The 168th Field Artillery Regiment was a U.S. Army field artillery regiment of the Colorado National Guard that was active from 1933 to 1943.

==History==
The regiment perpetuated the lineage of the 1st Separate Battalion, Field Artillery of the Colorado National Guard, originally organized on 30 September 1911 at Denver with Batteries A and B. The battalion was eliminated on 20 October 1914, with the two batteries becoming separate units. The battalion was reformed by the expansion of the Colorado field artillery units with Batteries A, B, and C on 5 July 1916. It was mustered into federal service at Golden between 4 July and 14 August that year for duty on the Mexican border, and was mustered out of federal service on 6 March 1917 at Fort D. A. Russell, Wyoming. The unit returned to federal service on 5 August 1917 during World War I, and was reorganized as the 1st Battalion, 148th Field Artillery of the 41st Division on 19 September 1917.

===Interwar period===

The 148th Field Artillery was demobilized at Fort D. A. Russell on 29 June 1919. The battalion was reorganized in the Colorado National Guard as the 1st Battalion, 158th Field Artillery, and federally recognized on 9 July 1923 with headquarters at Loveland. It was reorganized and redesignated 1 July 1926 as the 168th Field Artillery Battalion (Horse), becoming the divisional artillery battalion of the 24th Cavalry Division.
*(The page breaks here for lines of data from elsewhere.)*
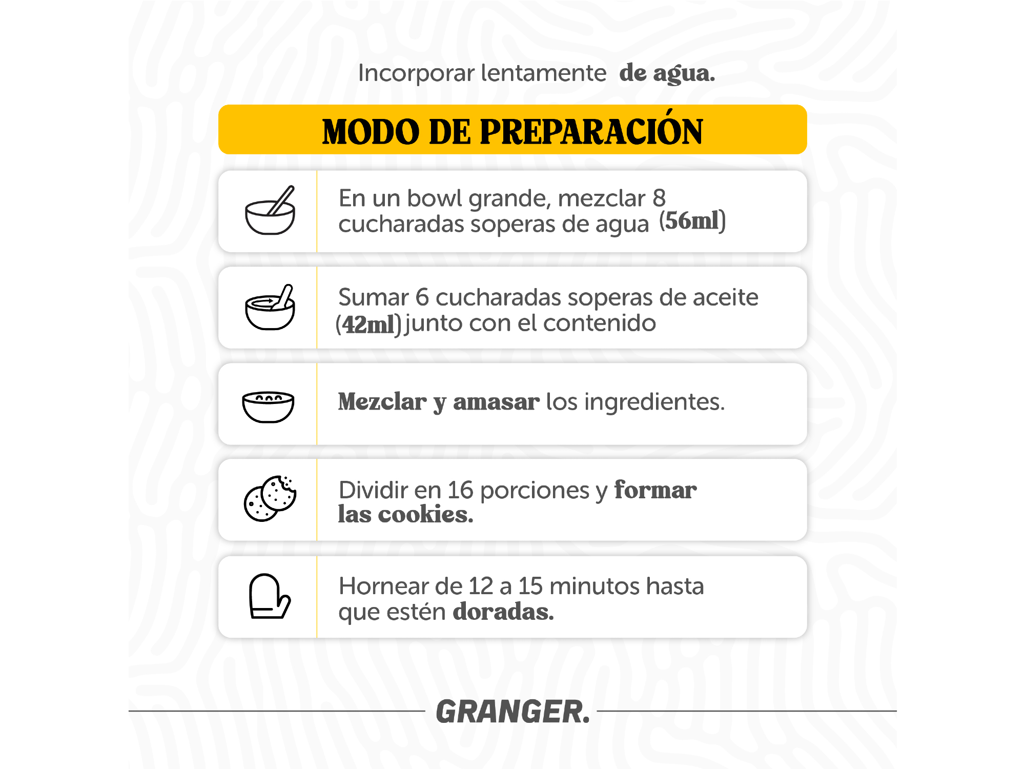 Mezclar: En un bowl grande, colocar 8 cucharadas soperas de agua.
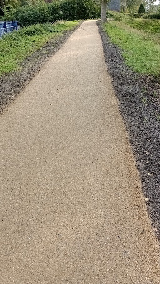Als vervanging is gekozen voor KoMex Geel, een waterdoorlatende halfverharding met een warme, natuurlijke gele kleur. Deze kleur sluit uitstekend aan bij het omliggende landschap en de historische dijkstructuur, waardoor het pad visueel minder dominant aanwezig is dan asfalt. Tegelijkertijd ontstaat een rustig en natuurlijk beeld dat past bij het karakter van de Oude Koedijk.
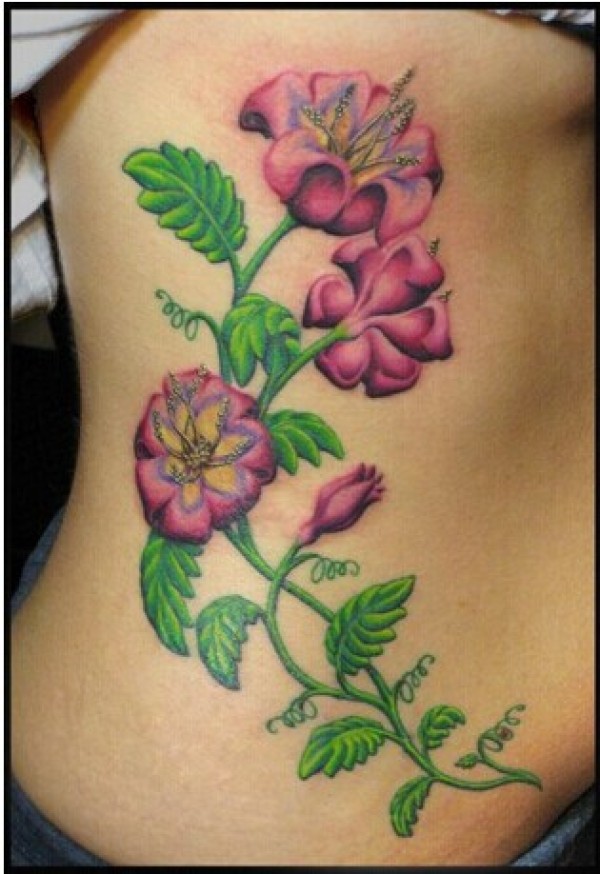 漂亮的绿叶红花女生腰部唯美纹身图图片
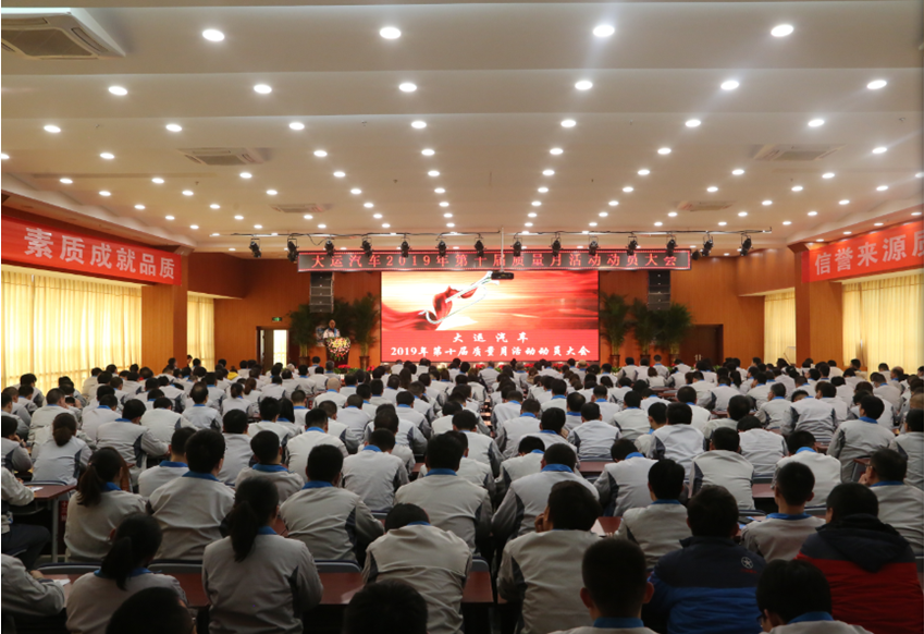 本届质量月活动以“人品成就产品、素质成就品质”为主题,以“质量月”为契机,贯彻大运质量文化,提高员工质量意识,为全面质量管理提升打下坚实基础。
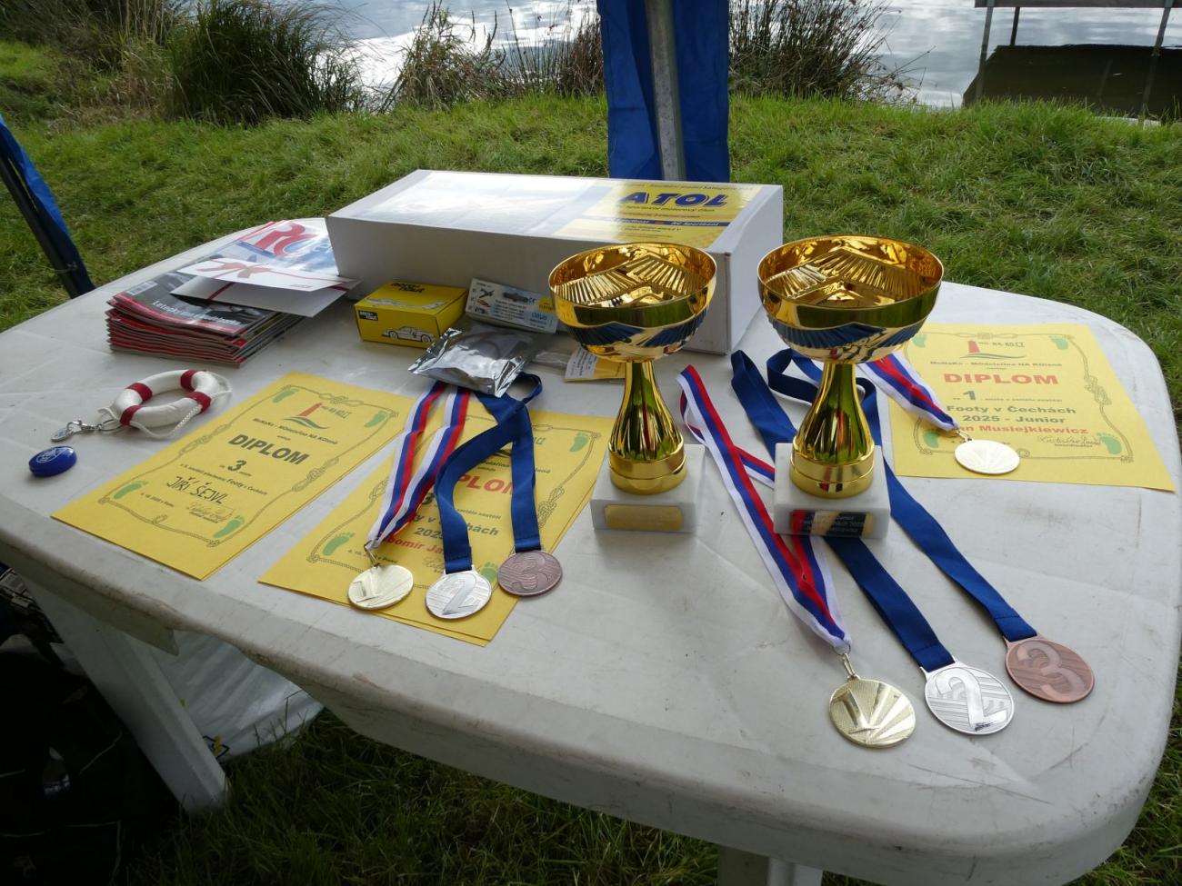 Trochu se to zlepšilo až po obědě, kdy dorazili majitelé plachetnic. Dva z Polska a dva z Prahy jsme doplňovali my dva s Bohoušem. Pod zataženou oblohou jsme za slabého větru do 2 m/s za dvě hodiny stihli 10 soutěžních jízd. Zcela nás převálcovali naši zahraniční hosté. Zvítězil jediný přítomný junior Jan Musiejkiewicz, který tak potvrdil své celkové vítězství seriálu mezi juniory, těsně druhý skončil jeho otec Kamil Musiejkiewicz a na třetím místě se s již větším odstupem umístil Jiří Šejvl. Lubomír Jančík si z Písku odvezl čtvrté místo, za ním jsem skončil já a poslední byl Bohouš.
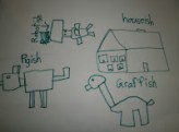 We created sketch books (each made with 7-8 pieces of 8.5″ x 14″ paper, folded into a booklet and stapled at the spine) where the students drew many of their drawings. Each instructional time in drawing started with a story. The children in our home and in our homeschool group LOVED these books!
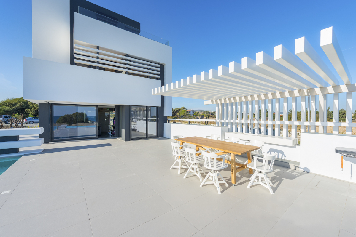 A modern villa for eight with a gorgeous Aegean Sea view. Villa Pindar is located on the beach close to Gennadi village on the south-eastern coast of Rhodes, just a few steps from the sea. With a large, salt water pool, it’s the perfect place for a medium-sized group to enjoy this tranquil part of the island. A large terrace provides a panoramic sea view and has a barbecue and dining area which is the ideal setting for a meal with friends. Sun loungers with parasols let you enjoy the reliably sunny climate that Rhodes is known for. The villa is architecturally striking and serves as an eye-catching backdrop to your time on the terrace. Inside, it’s equally contemporary, with a spacious living room equipped with a large flatscreen TV, a big, comfortable sofa you can really stretch out on and a games room with games console. The sleek kitchen is equipped with a dishwasher, microwave, large fridge freezer and all the usual amenities. There are three bathrooms and two double bedrooms which open out onto the furnished terrace. There is also a bedroom with bunk beds for the children, and the large sofa-bed in the lounge serves as a fourth bedroom for two guests. Villa Pindar’s proximity to the village centre is another plus point – restaurants, bakeries, cafés and beach bars are easy to find, along with useful amenities like a supermarket and pharmacy. Its position on the coast also makes it easy to reach some stunning sights to both the north and south. Among them, the beautiful beaches of Prasonisi and the natural wonders of Vouno Kalathos Park and the Epta Piges. Lindos with its famous clifftop Acropolis is only 20-25 minutes’ drive from Gennadi, and if you want to head for the island’s capital, you can reach it in around one hour. Almost anywhere you may encounter along the way will be worth stopping for – the stunning beaches and rugged scenery of Kolympia and Archangelos being just two examples.
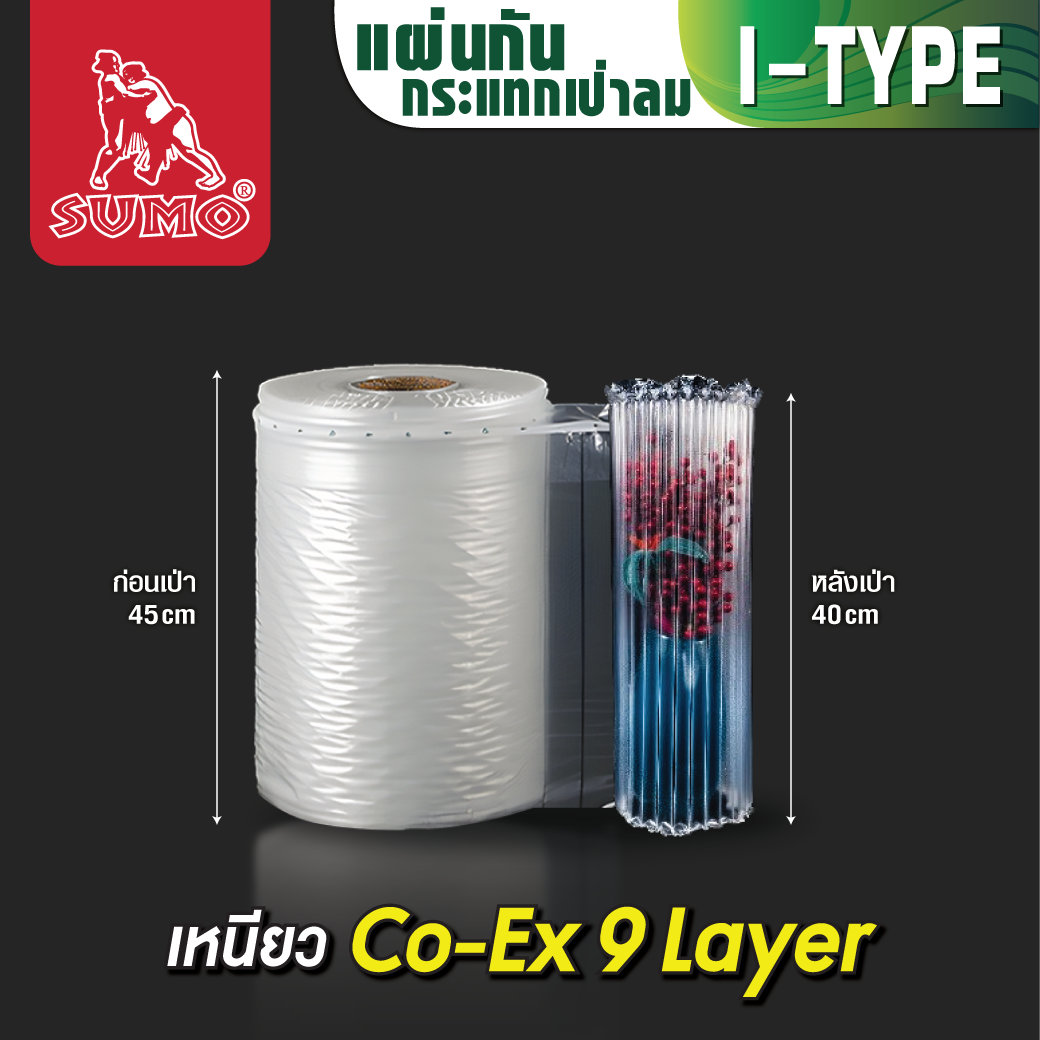 พลาสติกเป่าลมกันกระแทก กว้าง 45 ซม. หนา 55 ไมครอน ผลิตจากพลาสติก PE ผสมไนลอน เหนียว ยืดหยุ่น รับน้ำหนักได้ 80 กก. หนึ่งม้วนยาว 300 เมตร ตัดแบ่งความยาวได้
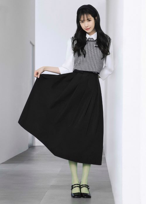 이 밖에도 데님 셔츠를 레이어링한 트렌치코트는 탈부착 가능한 카라 디테일을 포인트로 간절기부터 봄까지 활용하기 좋은 아이템이다. 이에 플리츠 미니 스커트를 함께 매치해 감각적인 스타일링을 완벽하게 소화해냈다.
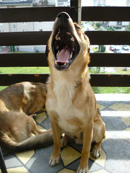 Po południu oba psiaki czekała uczta, bowiem z okazji drugich urodzin Ruter otrzymał od Sary (gorące podziękowania dla właścicielki) pełną torbę kości cielęcych. Anka przegotowała je i dziś po południu oba dostały solidną porcję. Dla bezpieczeństwa naszego mieszkania zjadały je na balkonie.
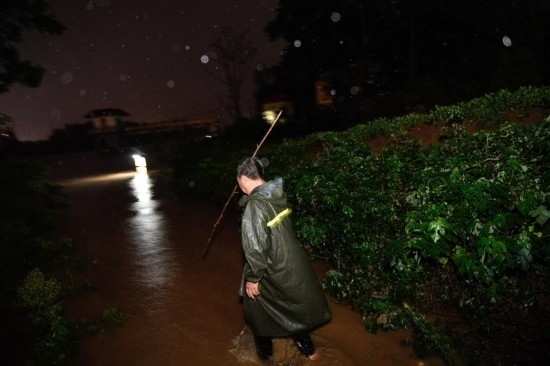 18日晚上,夜色深沉,一陣?yán)坐Q轟然響起,雨還是下了起來(lái)。抓起椅背上的雨衣,抖了抖上面的雨水,呂懷義又開始巡堤工作,銀色的雨幕中,河堤上成排的防汛隊(duì)伍清晰可見……(參與采寫:鄭家寶)
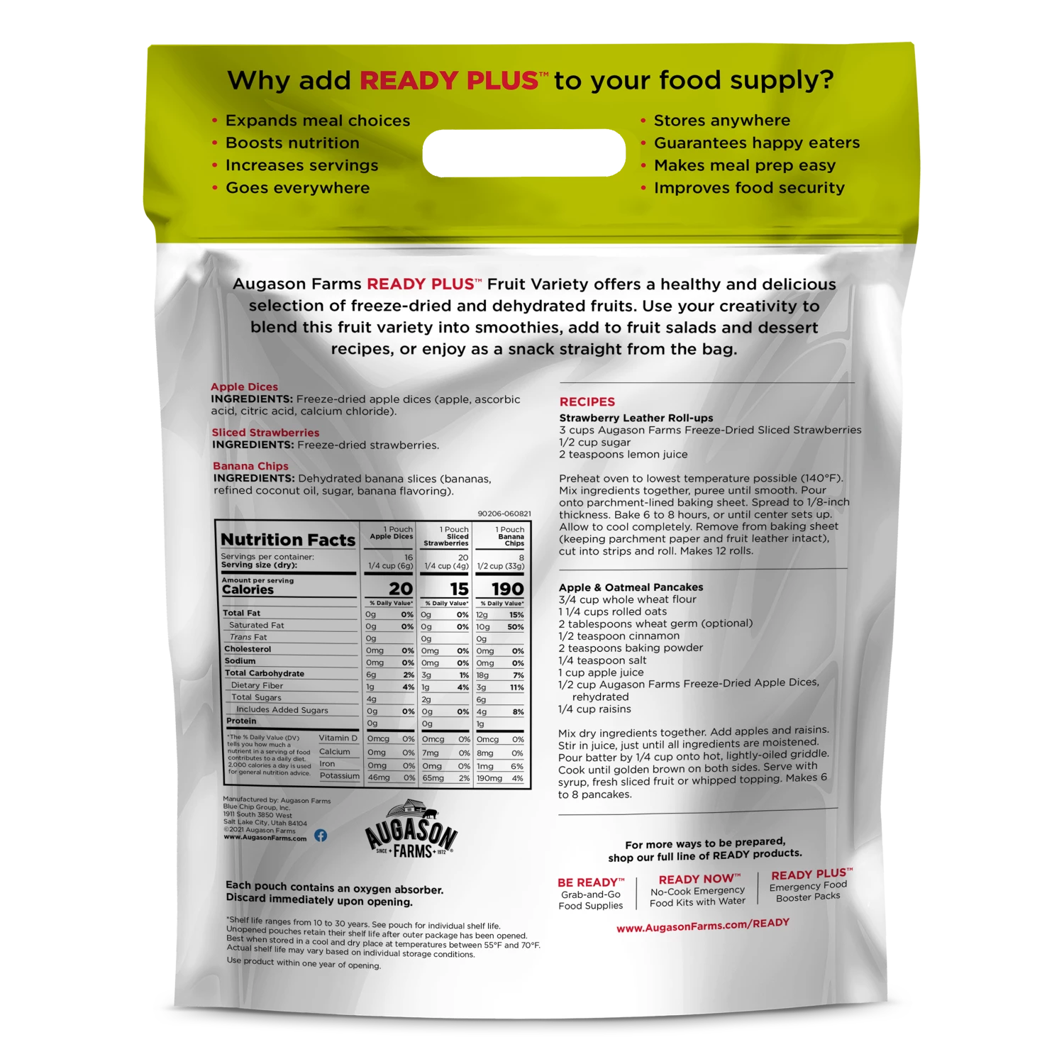 This Fruit Variety offers you a healthy and delicious selection of freeze dried fruits. Use your culinary ideas to blend them into smoothies, whip up a fruit salad, use in your favourite recipe or eat as a nutritious snack right out of the package. The nutrition of the freeze dried fruits is maintained giving them a long shelf life for emergency food storage or everyday use. A convenient and economical way to indulge all your fruit cravings.
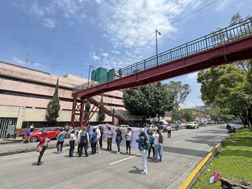 ▲ Trabajadores del Instituto Mexicano del Seguro Social bloquearon Circuito Interior, frente al hospital La Raza, para exigir un régimen de jubilación digno. Policías de la SSC agilizaron la circulación en la zona.Foto Alfredo Domínguez Noriega
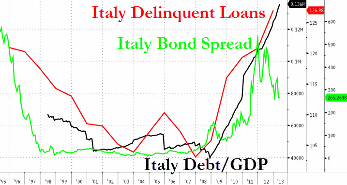 Senza questo “doping” – che come ci ha fatto capire Bernanke potrebbe finire o rallentare, mentre la Bce non ha nemmeno gli strumenti legali per acquistare bond sovrani attraverso il programma OMT – e prendendo per buona la correlazione di quella traiettoria tendenziale quasi sempre rispettata nel tempo, l’attuale spread italiano non sarebbe attorno ai 290-300 punti base com’è, ma già in area 650-660, ovvero più alto di quando sul finire del 2011, Silvio Berlusconi si dimise facendo spazio a Mario Monti.
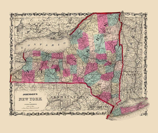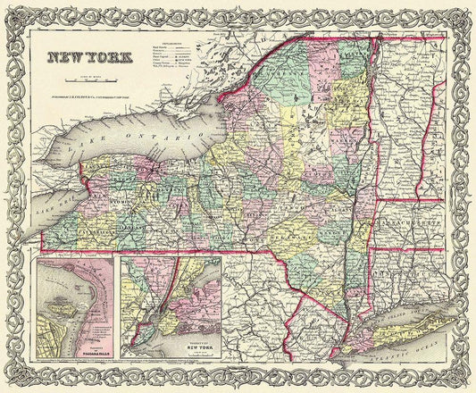 New York - Johnson 1860 White Modern Wood Framed Art Print with Double Matting by Johnson
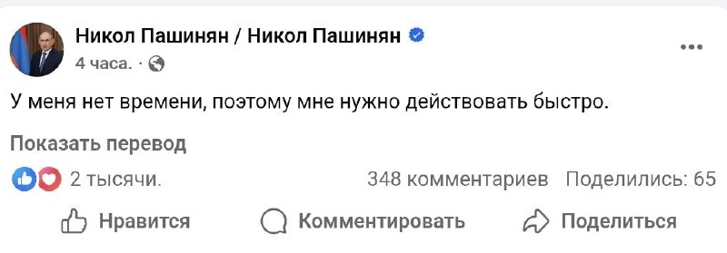 У меня нет времени, поэтому мне нужно действовать быстро, — Пашинян опубликовал загадочный пост в соцсетях. Топор Live. Подписаться
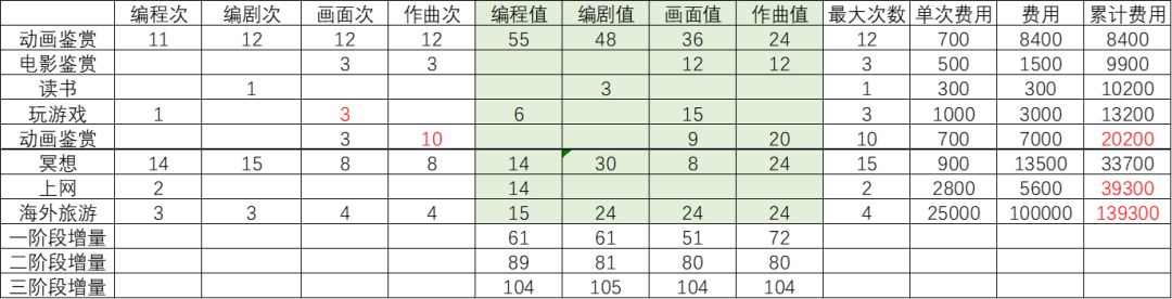 所有人培训都一样,如下是建议培训顺序,从上往下即可,其中玩游戏,动画鉴赏一阶段按需升级,二阶段以后玩游戏 2 次,第二次动画鉴赏 3 次即可(冥想可以补回来)

The battalion was expanded into a regiment on 1 August 1933, with headquarters at Denver; the 1st Battalion was redesignated from the 168th Field Artillery Battalion (Horse), and the 2nd Battalion was converted from the 117th Separate Cavalry Squadron.

===World War II===

The regiment was relieved on 1 November 1940 from assignment to the 24th Cavalry Division, and its armament was changed from 75 mm guns to 155 mm howitzers. It was inducted into federal service 24 February 1941 at home stations.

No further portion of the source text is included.